Are Adverbs Really as Bad as Writing Experts Say They Are? Really?
Adverbs: They’re the words every writer tries to avoid as much as possible…well, every writer except me, that is.
Practically every writing advice I have ever read has denounced the use of adverbs. “They weaken your writing.” “They’re worthless and unnecessary.” “They don’t tell the readers anything.” “They’re overused.” “They’re lazy.”
Now, call me an amateur writer, but are adverbs really as bad as writing experts say they are? Really? (This and “very” are two adverbs I’m allegedly never supposed to use.) Of course, it’d be stupid to shove adverbs into literally every sentence ever, but does that mean we should just never use them? I don’t think so. In fact, I think adverbs are very groovy. At least…that’s what I learned from Schoolhouse Rock. And, as the saying goes, “Knowledge is power.”

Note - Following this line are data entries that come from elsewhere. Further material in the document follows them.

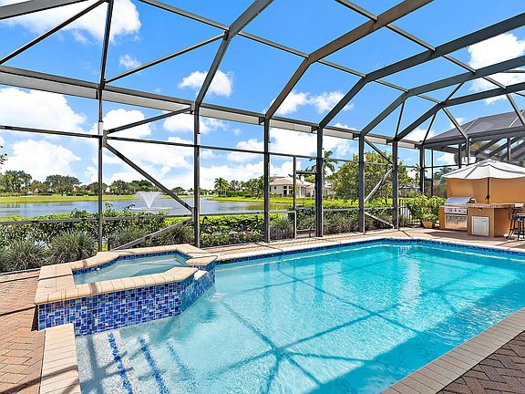 IMMEDIATE PREMIER GOLF MEMBERSHIP AVAILABLE. This spacious and upgraded 4BR/3.5BA+Den ''Martinique'' model offers one of the most dramatic water and golf views in all of South Florida. Designed to impress, the home features soaring 22-foot ceilings that frame breathtaking vistas both inside and out, creating a light-filled, open feel throughout.Recent major upgrades provide peace of mind for the new owner, including a brand-new 2025 roof, two new HVAC systems (installed December 2023), and a whole-house 22KW Generac generator with transferable warranty. Accordion shutters and clear storm panels add an extra layer of protection, ensuring the home is fully prepared for all seasons. The outdoor living space is equally impressive. A large screened enclosure (2012) surrounds a generous covered patio, an outdoor shower, a summer kitchen, and a completely retiled and replastered pool and spa (2022). With long "forever" water and golf views, this private setting is ideal for both entertaining and quiet enjoyment.
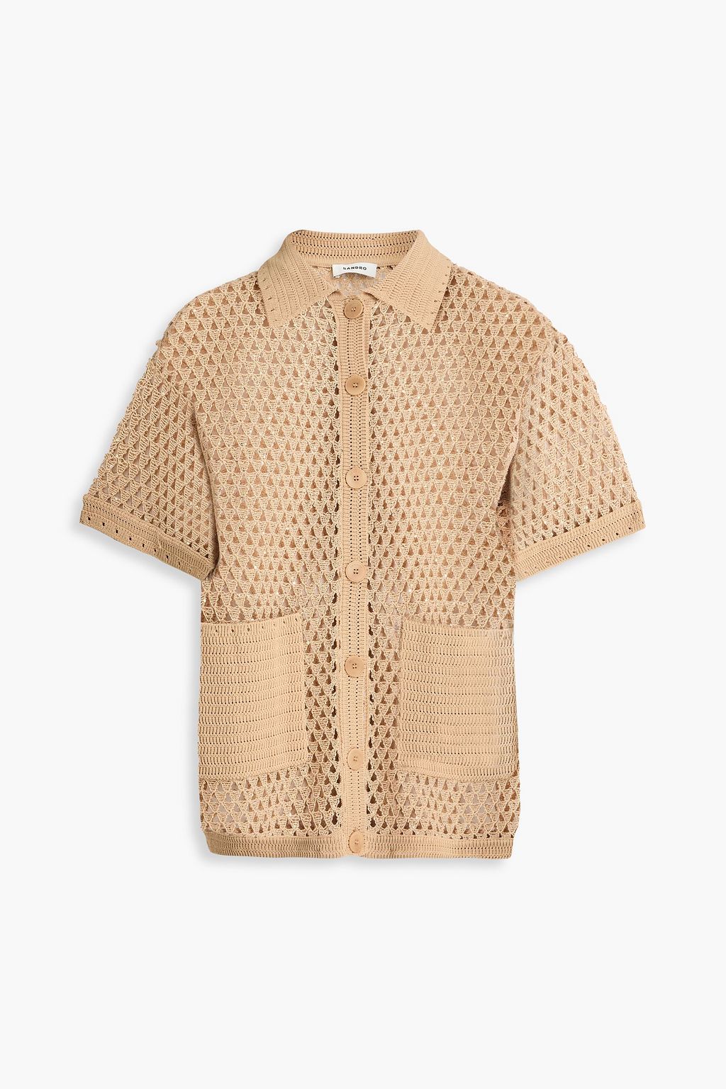 SANDRO Sequin-embellished open-knit polo sweater
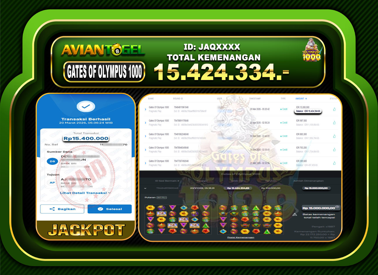 Beberapa situs togel online hanya menjanjikan tanpa ada bukti yang jelas, tapi di AVIANTOGEL semua pasti terbukti dan jelas, BUKTI JACKPOT TOTO TOGEL ONLINE, SLOT ONLINE, LIVE CASINO secara nyata. Melalui kemenangan member setiap hari nya, jackpot besar togel online 2D–3D–4D maupun jackpot besar slot gacor, hingga bukti transaksi kemenangan yang benar-benar masuk ke saldo member.
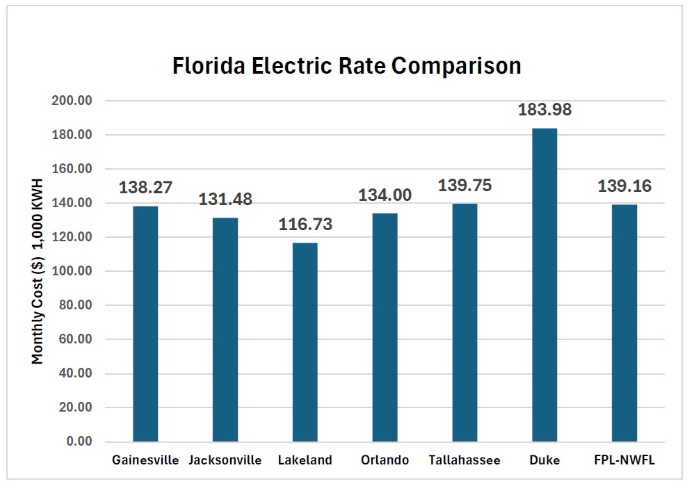 The most recent information provided by the Florida Municipal Electric Association for January 2026, shows the monthly costs of a 1,000 kwh ranges from $116.73 in Lakeland to $183.98 for Duke, which serves customers throughout Florida, including customers in Wakulla and Bay counties. The cost for Tallahassee customers in January was $139.75.
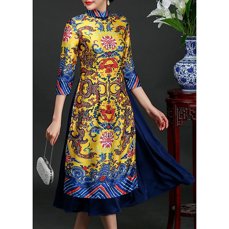 Set Áo Dài Long Bào Xanh Cao Cấp - Vàng
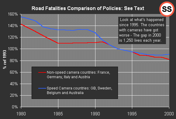 We predicted a loss in road safety as soon as the cameras were first talked about back in about 1989. It's no surprise at all to see this tragedy played out on roads in many countries round the world. We well understand a range of mechanisms whereby excessive speed enforcement should tend to have the effect of reducing road safety. All the while that speed enforcement is making drivers more dangerous, roads and vehicles are getting safer. We think the roads and vehicles trends show clearly in the improving trends showing in Germany and France for example. If this is true, then roads and vehicles are getting safer in the UK too, but this trend is balanced by worse driving standards. We suggest that lower driving standards are caused by excessive speed enforcement. |
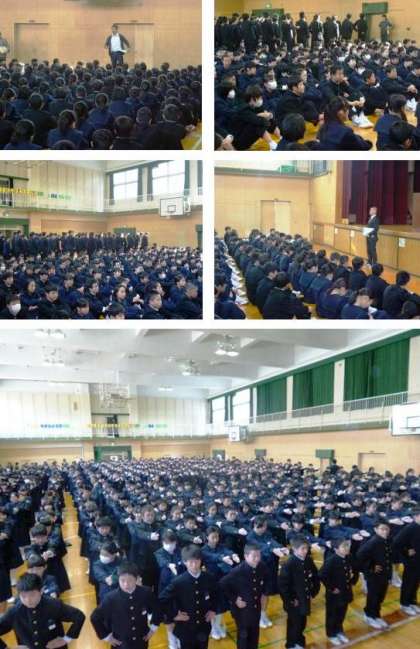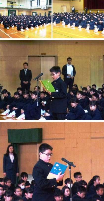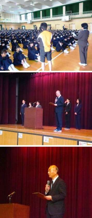その後、全員が体育館に移動し、まずは着任式で新転任の教職員の紹介が校長先生から行われました。離任した先生方を含め、詳しくは本日の配付プリントでご確認ください。
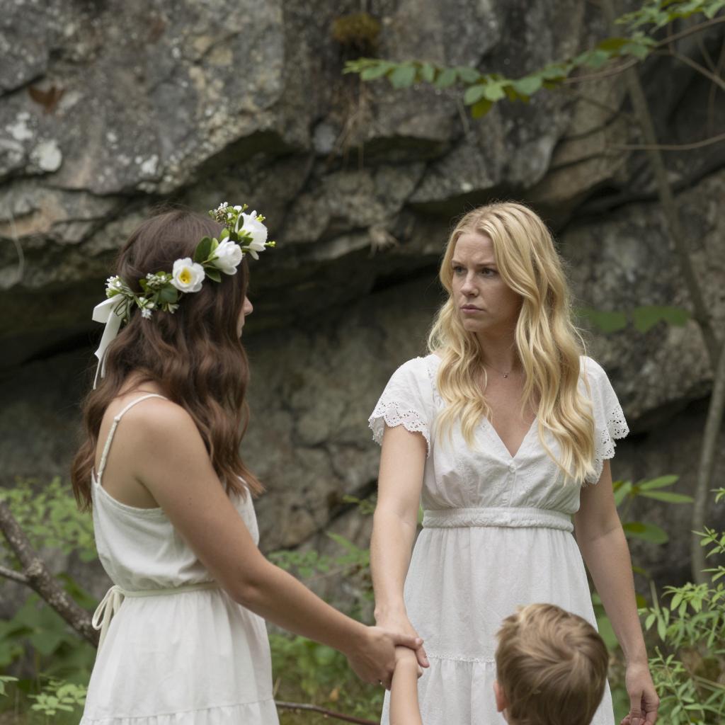 Photograph of a forest scene with three people. Blonde woman in white dress pulls brunette woman wearing white with flower crown, who is holding child's hand. Rocky cliff and greenery in background. Woman's face shows determination, child's face is not visible.
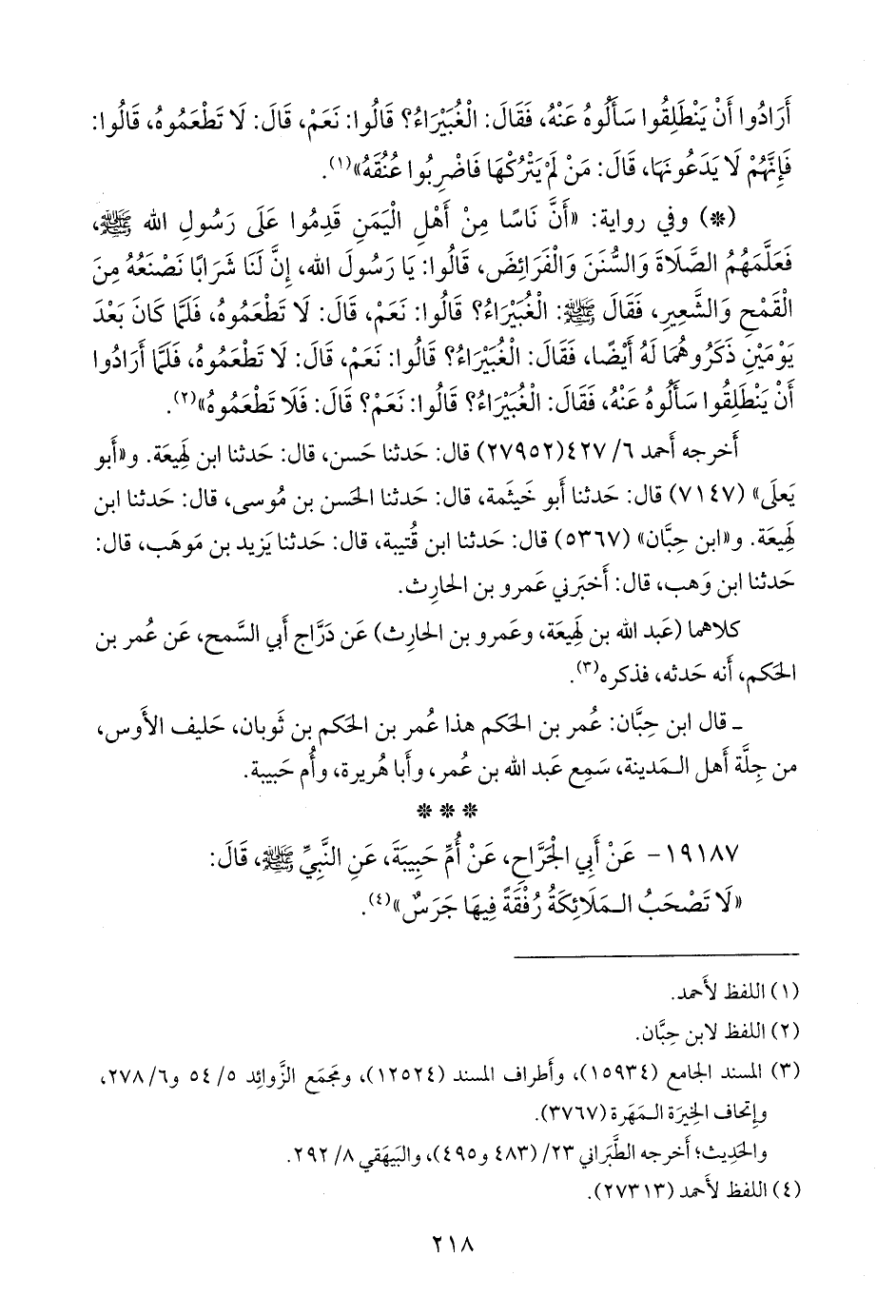 (¬١) المسند الجامع (١٥٩٣٤)، وأطراف المسند (١٢٥٢٤)، ومَجمَع الزوائد ٥/ ٥٤ و ٦/ ٢٧٨، وإتحاف الخِيرَة المَهَرة (٣٧٦٧).
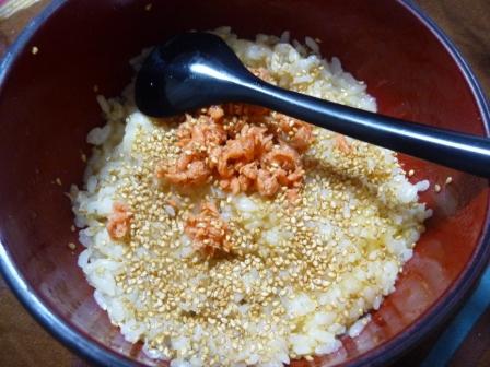 (ごはん:320kcal たまご:85kcal 鮭フレーク 10g:22kcal

Adverbs, in case you haven’t gone to school or haven’t watched Schoolhouse Rock (Boy, do I feel incredibly bad for you if that’s the case.), are words that modify verbs and adjectives. In other words, adverbs are basically the adjectives for verbs and, well…adjectives. Got that? Good.
So, when should we use adverbs? When are adverbs necessary, like absolutely necessary? When can they be cut out? Should they be used in literally every sentence? Those are the ultimate questions literally all writers debate about, so let’s talk about them.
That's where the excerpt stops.